Cryospheric and Polar Processes Seminar
An Embarrassment of Riches; We now have better topography for the ice on Earth than the land by Paul Morin, Polar Geospatial Center, University of Minnesota
For years, those of us that made maps of the Poles apologised. We apologised for the blank spaces on the maps, we apologized for mountains being in the wrong place and out-of-date information. Over the past 10 years the situation improved. An image mosaic of Antarctica was built, airborne RADAR produced an improving view under the Antarctic ice sheet and a constellation of satellites started to stream data at ever higher resolution, at an increasing tempo and even during the long Polar winters. Now a diverse collaboration of US science and intelligence agencies, universities and a geospatial software company has produced REMA - the Reference Elevation Model of Antarctica - and ArcticDEM, using open source software to extract Digital Elevation Models (DEM), or digital topography, from licensed imagery on Blue Waters at a resolution of 2m. The data have an accuracy of a foot and repeat coverage of 90% of the poles an average of 10 times over 6 years. This project was too large for any one agency, university or company. It required a large allocation on Blue Waters, 4 satellites that continuously collected sub-meter optical imagery for 5 years, two satellites that produced ground truth, 100Gbit networking and petabytes of storage.

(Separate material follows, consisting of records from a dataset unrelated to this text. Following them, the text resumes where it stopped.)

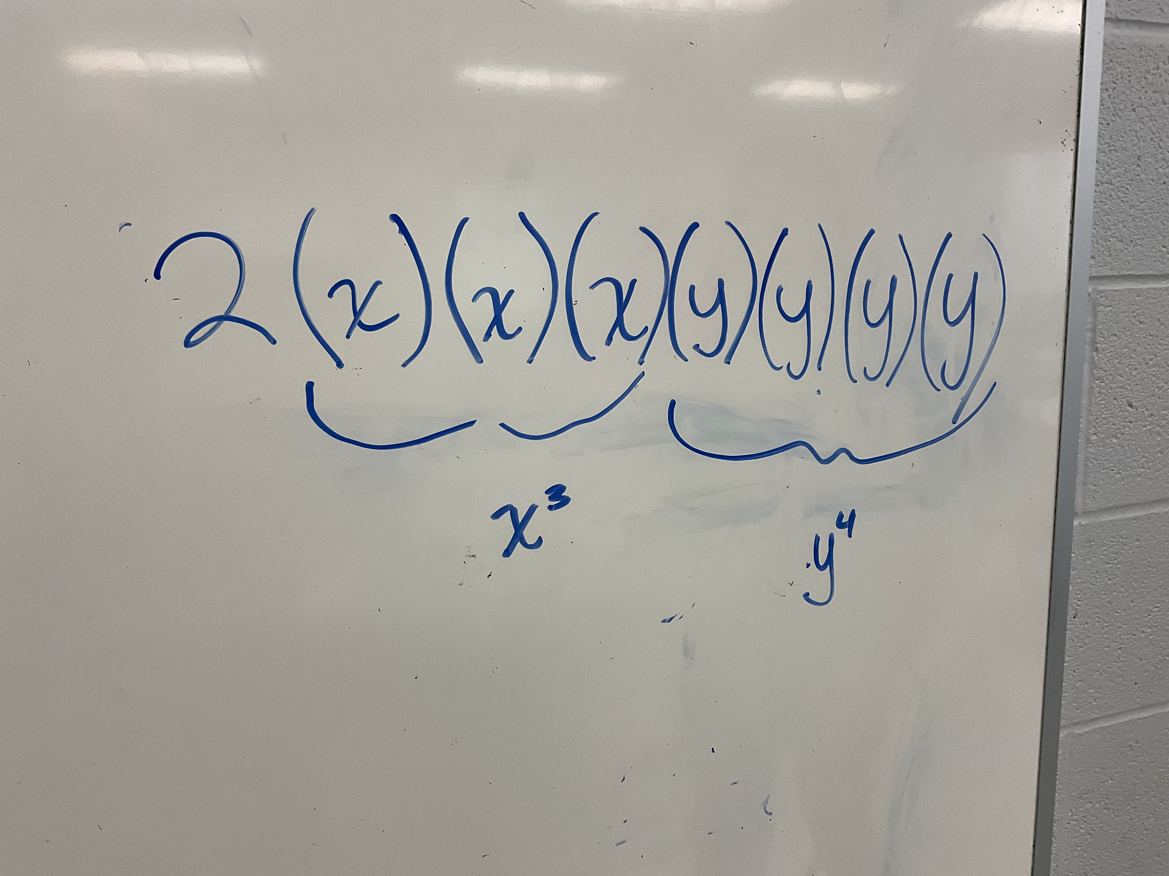 this can be written as (-4)(-2)(x)(x)(x)(x)(y)(y)(y)(y)(y)(y) since the order doesn’t matter when we multiply.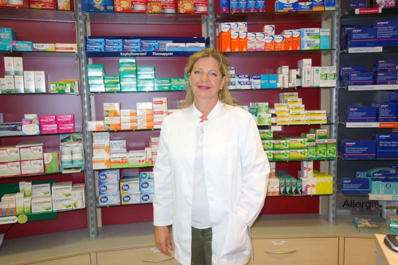 Foto/s: Hötzelsperger – Apothekerin Claudia Zangerl vor bzw. in der Schloss-Apotheke in Aschau i. Chiemgau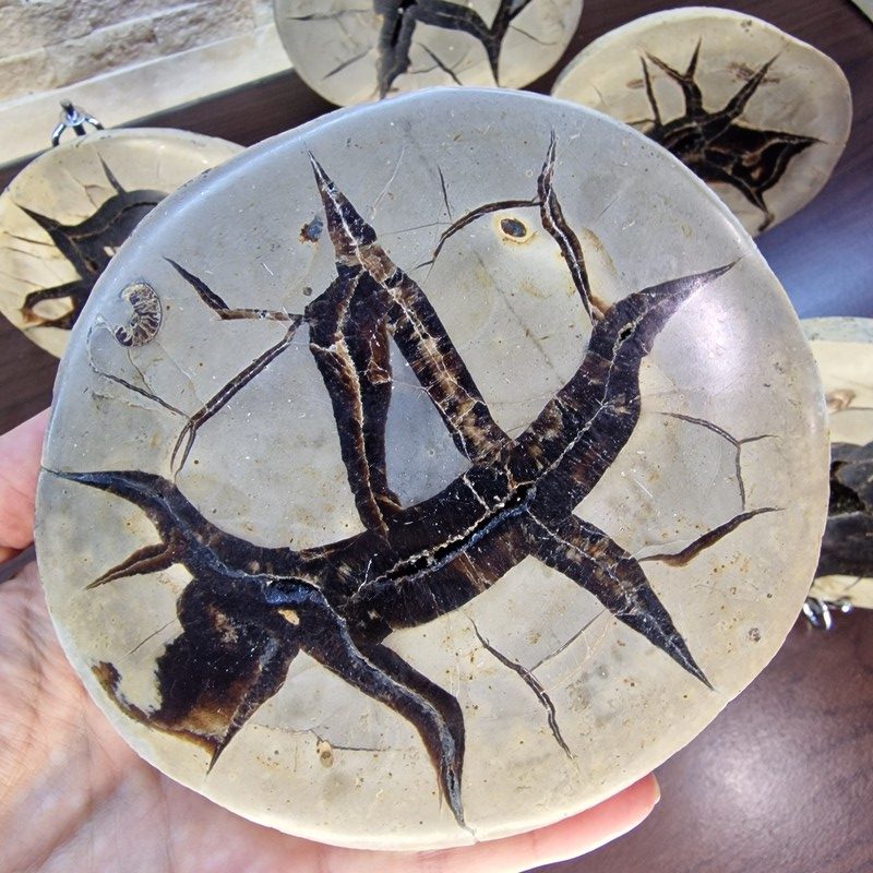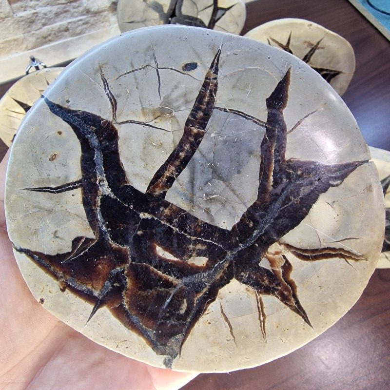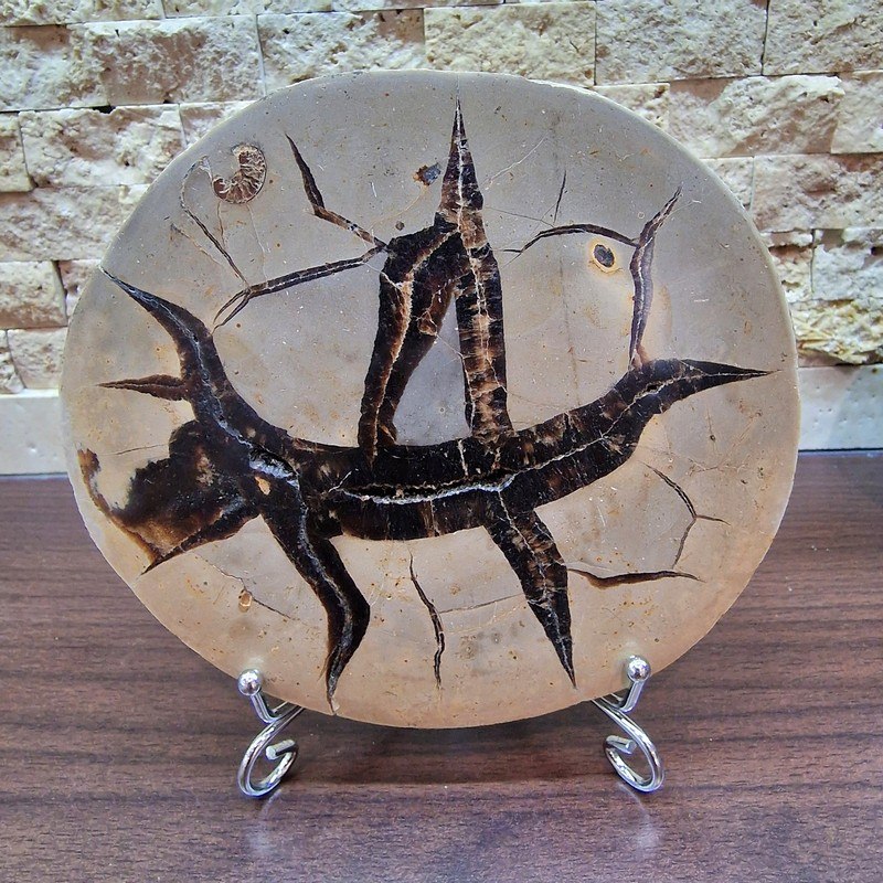 Fedezd fel a természet egyik legkülönlegesebb kincsét: ez a Madagaszkárról származó szeptária fosszília valódi geológiai ritkaság! A szeptáriák különleges szerkezete több millió év alatt alakult ki, repedéseit természetes ásványi anyagok – például kalcit, aragonit vagy barit – töltötték ki, így látványos "csillagszerű" mintázatot hozva létre.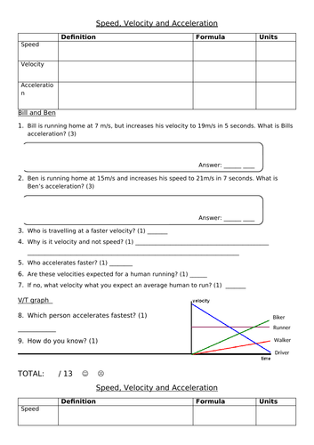 Differentiated Worksheet On Calculating Acceleration Velocity And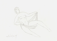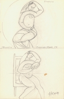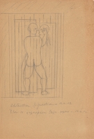 Μελέτη ζευγαριού. Σχέδιο με μολύβι, στο οποίο δεσπόζει στο κέντρο της σύνθεσης μια ανδρική μορφή, η οποία φέρεται να αγκαλιάζει μια γυναικεία που βρίσκεται από πίσω της. Η σύνθεση είναι λιτή με την παρουσία μόνο των δύο μορφών, χωρίς να ορίζεται ξεκαθαρα ο περιβάλλων χώρος.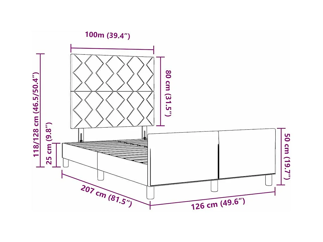 Cama con Somier con colchón Gris oscuro 100 x 200 cm tela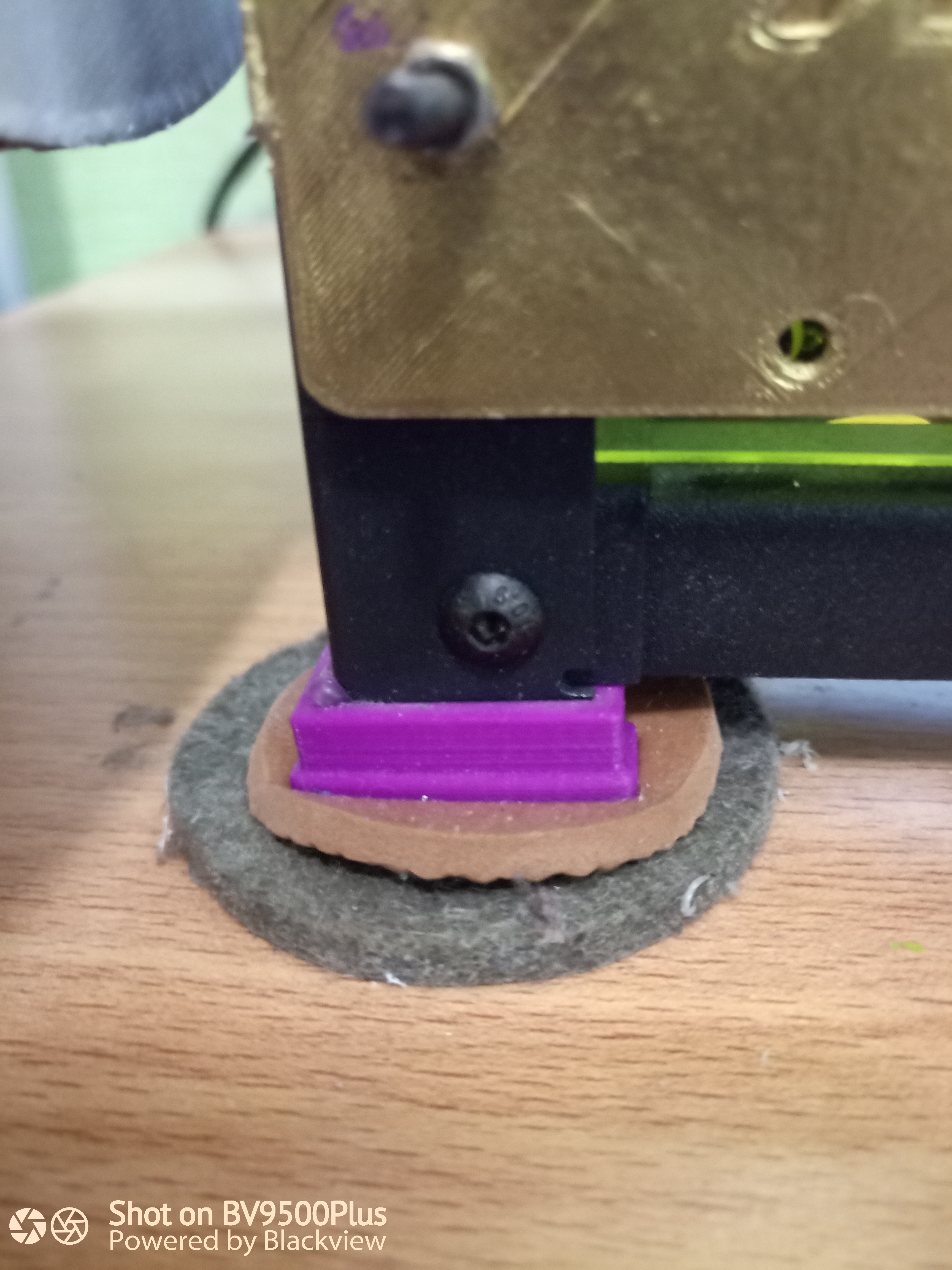 Распечатал ножки и купил в магазине Леруа накладки с односторонней липучкой. Войлочные приклеил к столу , а сверху приклеил резиновые и поставил сверху принтер.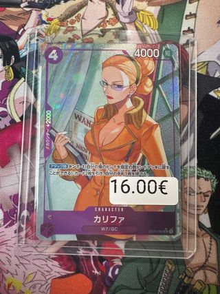 Carta del gioco di carte collezionabili One Piece TCG. - Personaggio: Califa - Codice carta: OP03-060 - Categoria: W7/GC - Costo: 4 - Potenza: 4000 - Contatore: +2000 condizioni in near mint piu acquisti fate piu scende il prezzo! per qualsiasi info chiedete in privato a vostra disposizione!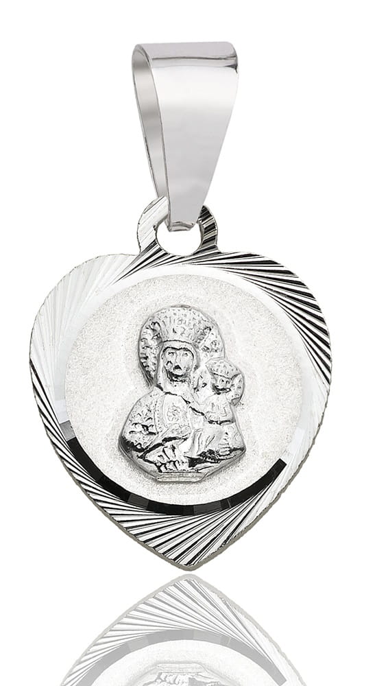 ➡️ Medalik Srebrny z Wizerunkiem Matki Boskiej Częstochowskiej w Sercu pr 925
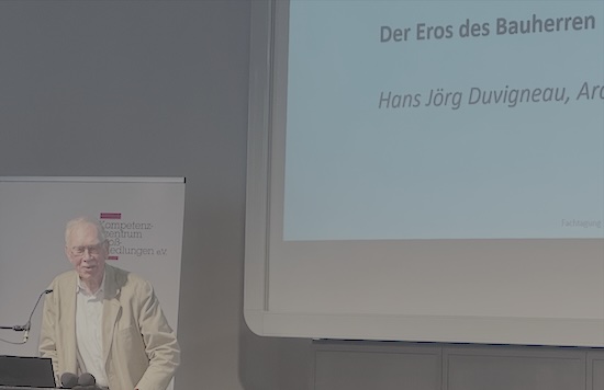 Für seinen beeindruckenden persönlichen Rückblick hatte Hans Jörg Duvigneau den Titel „Der Eros des Bauherren“ gewählt, als Sinnbild für die Liebe zum Bauen, für das Streben nach dem Guten und Schönen. Damit der Bau gelingt, bräuchte es festen Willen, Ehrgeiz und Beharrlichkeit des Bauherren. Mit diesen Eigenschaften sei es möglich, den alltäglichen Widrigkeiten zu trotzen und auch im Wohnungsbau dauerhaft Schönes und Nützliches zu schaffen.

We never thought that we would ever see a time when the science community has better topography for ice than land and better topography for the Transantarctic Mountains than the Rocky Mountains. Even we, the creators of REMA, are having a difficult time understanding what we have made. The use of it in logistics and facilities management was a surprise. We are as dumbfounded as anyone at the degree to which subsurface topography is expressed in ice sheet surface features. Incredibly, the volume of data and temporal depth of the DEM coverage is causing all of us to reassess how we manage and analyze geospatial in general. We now apologise to the polar science community for a different reason. They have to keep up. And the current DEMs are only the beginning. We now face an avalanche of imagery and derived products in an increasingly complex landscape of small-sats launched by the dozen. It is a complex, exciting time.
Morin leads a team of two dozen responsible for imaging, mapping and monitoring the Earth’s polar regions for the National Science Foundation’s Division of Polar Programs. Morin is the liaison between the National Science Foundation and the National Geospatial-Intelligence Agency’s commercial imagery program.Before founding PGC, Morin was at the National Center for Earth-Surface Dynamics at the University of Minnesota, and he has worked at the University of Minnesota since 1988. Morin serves as the National Academy of Sciences–appointed U.S. representative to the Standing Committee on Antarctic Geographic Information under the Scientific Committee for Antarctic Research (ie, the Antarctic Treaty System). One of his current projects is ArcticDEM, a White House initiative to produce a high-resolution, time-dependent elevation model of the Arctic using Blue Waters. Morin’s professional interests include mapping areas of the Earth that are difficult to reach, scientific visualization and using scientific art for formal and informal education. Morin has dozens of publications in a variety of fields including remote sensing, geoscience education, the carbon cycle, and scientific visualization. In 2015 Morin was awarded an honorary doctorate at Colorado College for his outstanding contributions in the Geoscience field. Morin’s art/visualizations have been in numerous publications including National Geographic, Nature and Wired. He has contributed to the BBC/David Attenborough production “Frozen Planet” and is spearheading the effort with Google to improve polar geospatial data, imagery and Street View in Google Earth and Maps.